Голос вновь, как в ил, погружается в тень. Вновь он только и делает, что смотрит. Старый хрыч. Он словно сторожит сокровище, притом такое бесценное, что мысль о том, что он может его лишиться, не дает ему отправиться на тот свет. И долго он собирается вот так бдеть?
Он только смотрит, и все.
Я намереваюсь продолжить свой рапорт. Но он вздымает свою длинную иссохшую руку. В то же самое время он как будто подтягивает ближе к себе эту тень, которая защищает его, прирученная и верная, зябко в нее кутается. И все вокруг, включая и его самого, словно тающего в безмолвии кабинета, становится неопределенным и зыбким.
Но тут его голос спускается на меня, как рука. Так похоже на поднятую им перед тем руку, что я вздрагиваю.
— За смерть каждого павшего алжирца на десятерых алжирцев возложена ответственность.
Голос достаточно отчетлив для того, чтобы каждое слово летело через комнату подобно брошенному камню.

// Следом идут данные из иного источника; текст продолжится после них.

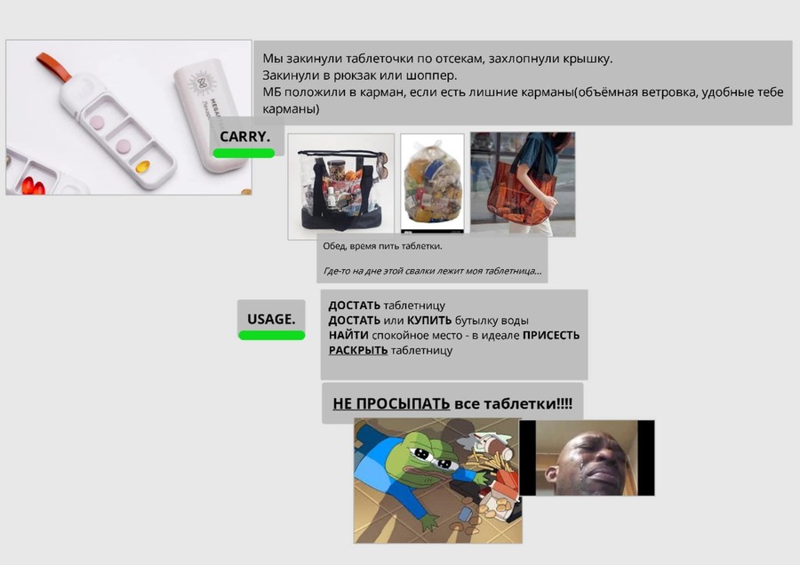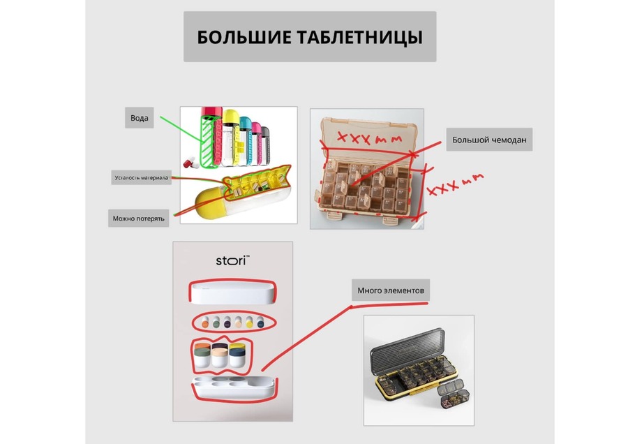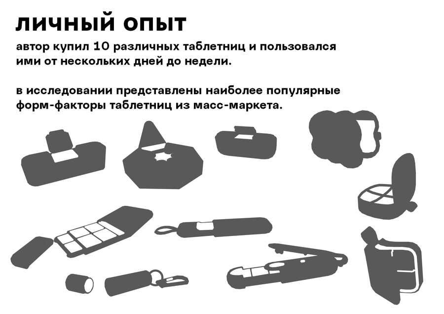 Исследование масс-маркета и зарубежных аналогов, а также полевые исследования показали, что практически ни одно из существующих решений для хранения таблеток не обладает должными потребительскими качествами.

— Но если ради мщения земля эта будет предана огню и мечу, если люди будут лишены права выбирать собственный путь в жизни…
Он силится продолжать. Он задыхается. Одышка не оставляла его с самого начала, но и он не оставлял попыток ее одолеть:
— …ведь все эти погибшие завещали нам… возложили на нас ответственность, и тот, кто ее отринет… отвергнет, полагая, будто у него есть дела поважнее…
Рано или поздно, так и не добравшись до конца фразы, он вынужден будет остановиться, перевести дух. Он сидит не двигаясь, не шевеля ни рукой, ни ногой, как изваяние. Сидит так, словно собирается сидеть на этом самом месте и после своей смерти.
— …тот отвергнет и эту страну.
Палящий зной этих степей летом, их неистовый стылый свет зимой, их безжалостные просторы — все это он вобрал в себя так же, как вобрал в себя их безлюдье и пустоту. Его нет здесь — он за тысячи лье отсюда.
Голос его сошел на хрип, но глаза продолжают гореть — таким потусторонним пламенем полыхает иными ночами зловещая звезда.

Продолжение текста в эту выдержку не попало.